▶ **WHAT YOU NEED TO DO**
Only the lines below from the one containing "Холода - время" through the one containing "8月14日晚,由于全市防疫工" belong in the answer, repeated exactly and without pictures.

▶ **DATA EXTRACT**
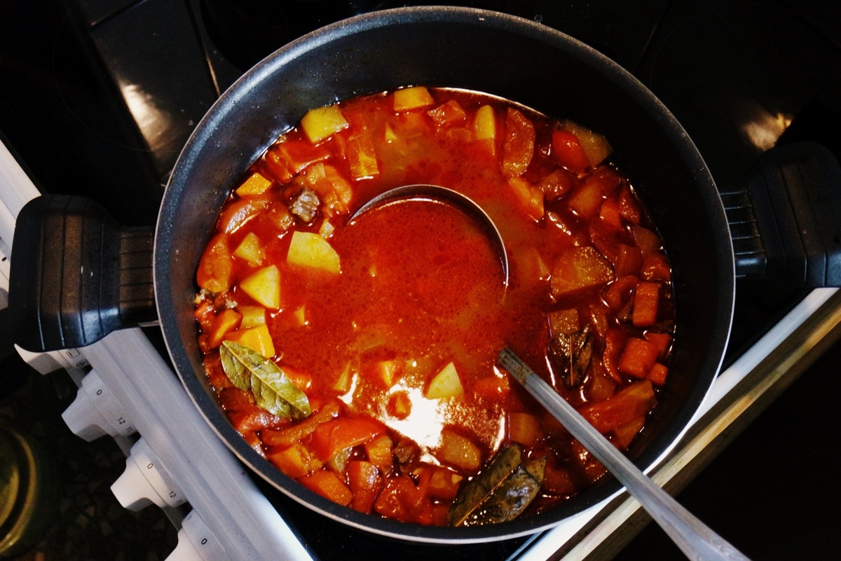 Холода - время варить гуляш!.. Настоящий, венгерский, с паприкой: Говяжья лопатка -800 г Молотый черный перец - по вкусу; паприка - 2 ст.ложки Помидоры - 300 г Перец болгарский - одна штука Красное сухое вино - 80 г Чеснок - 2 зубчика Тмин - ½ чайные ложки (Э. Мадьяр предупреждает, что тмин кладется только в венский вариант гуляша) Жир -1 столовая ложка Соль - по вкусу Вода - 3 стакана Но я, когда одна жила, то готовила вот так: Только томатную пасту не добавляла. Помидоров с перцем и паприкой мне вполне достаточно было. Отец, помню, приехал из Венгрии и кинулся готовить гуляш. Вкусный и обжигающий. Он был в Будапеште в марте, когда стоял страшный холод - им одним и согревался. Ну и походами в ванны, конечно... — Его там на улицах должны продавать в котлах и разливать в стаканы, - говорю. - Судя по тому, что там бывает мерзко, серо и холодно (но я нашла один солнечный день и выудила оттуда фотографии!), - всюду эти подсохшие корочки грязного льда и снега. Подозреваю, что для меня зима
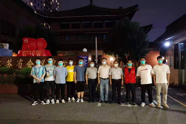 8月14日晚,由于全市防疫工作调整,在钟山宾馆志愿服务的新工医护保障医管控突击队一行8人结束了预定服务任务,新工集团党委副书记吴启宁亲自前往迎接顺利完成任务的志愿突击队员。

---

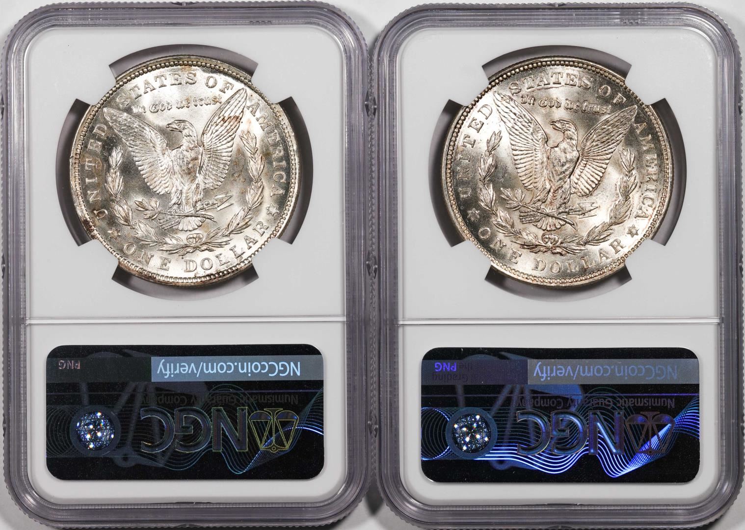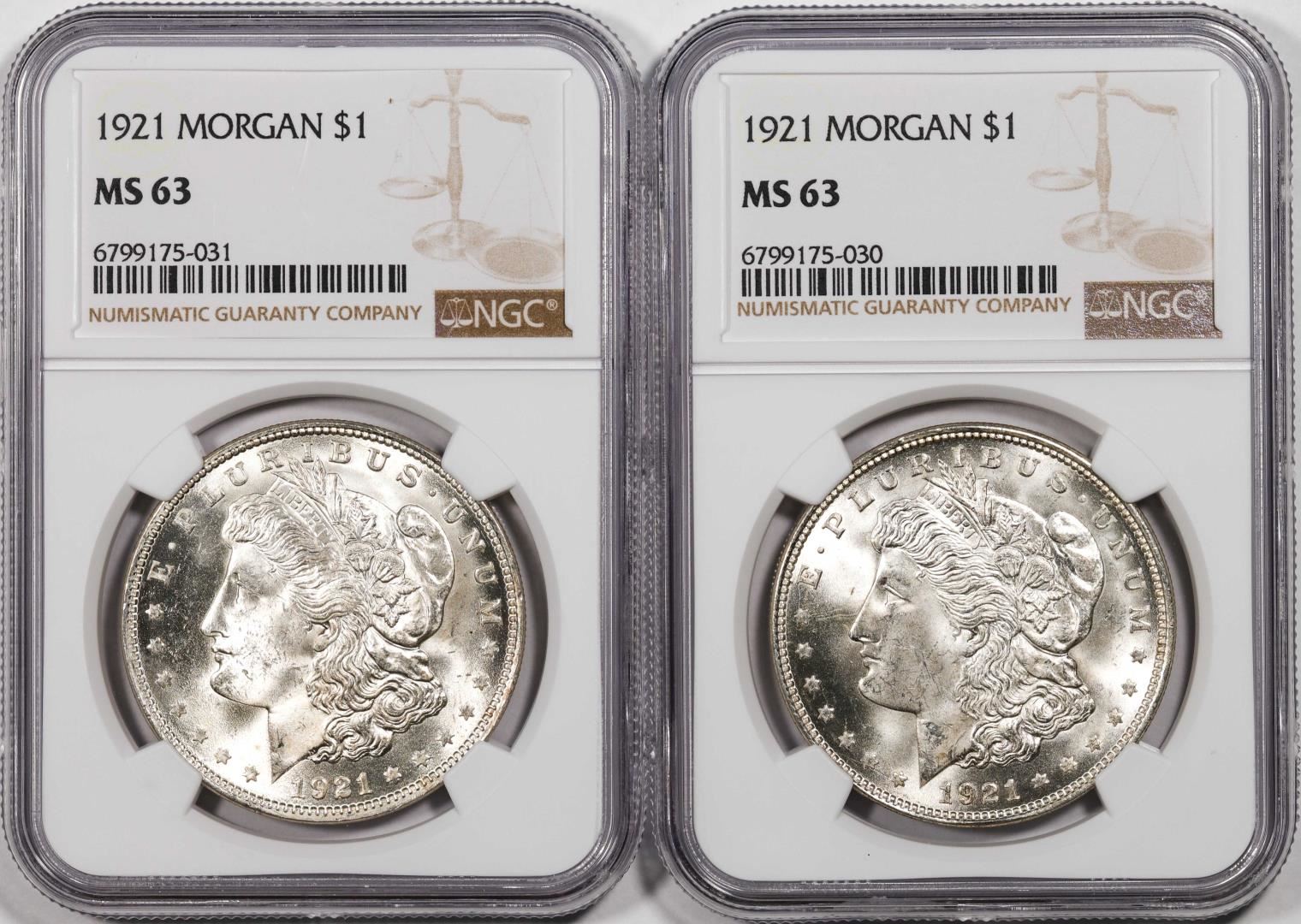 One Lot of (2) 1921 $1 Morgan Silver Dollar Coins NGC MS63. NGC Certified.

▶ **TASK RESPONSE**
 Холода - время варить гуляш!.. Настоящий, венгерский, с паприкой: Говяжья лопатка -800 г Молотый черный перец - по вкусу; паприка - 2 ст.ложки Помидоры - 300 г Перец болгарский - одна штука Красное сухое вино - 80 г Чеснок - 2 зубчика Тмин - ½ чайные ложки (Э. Мадьяр предупреждает, что тмин кладется только в венский вариант гуляша) Жир -1 столовая ложка Соль - по вкусу Вода - 3 стакана Но я, когда одна жила, то готовила вот так: Только томатную пасту не добавляла. Помидоров с перцем и паприкой мне вполне достаточно было. Отец, помню, приехал из Венгрии и кинулся готовить гуляш. Вкусный и обжигающий. Он был в Будапеште в марте, когда стоял страшный холод - им одним и согревался. Ну и походами в ванны, конечно... — Его там на улицах должны продавать в котлах и разливать в стаканы, - говорю. - Судя по тому, что там бывает мерзко, серо и холодно (но я нашла один солнечный день и выудила оттуда фотографии!), - всюду эти подсохшие корочки грязного льда и снега. Подозреваю, что для меня зима
 8月14日晚,由于全市防疫工作调整,在钟山宾馆志愿服务的新工医护保障医管控突击队一行8人结束了预定服务任务,新工集团党委副书记吴启宁亲自前往迎接顺利完成任务的志愿突击队员。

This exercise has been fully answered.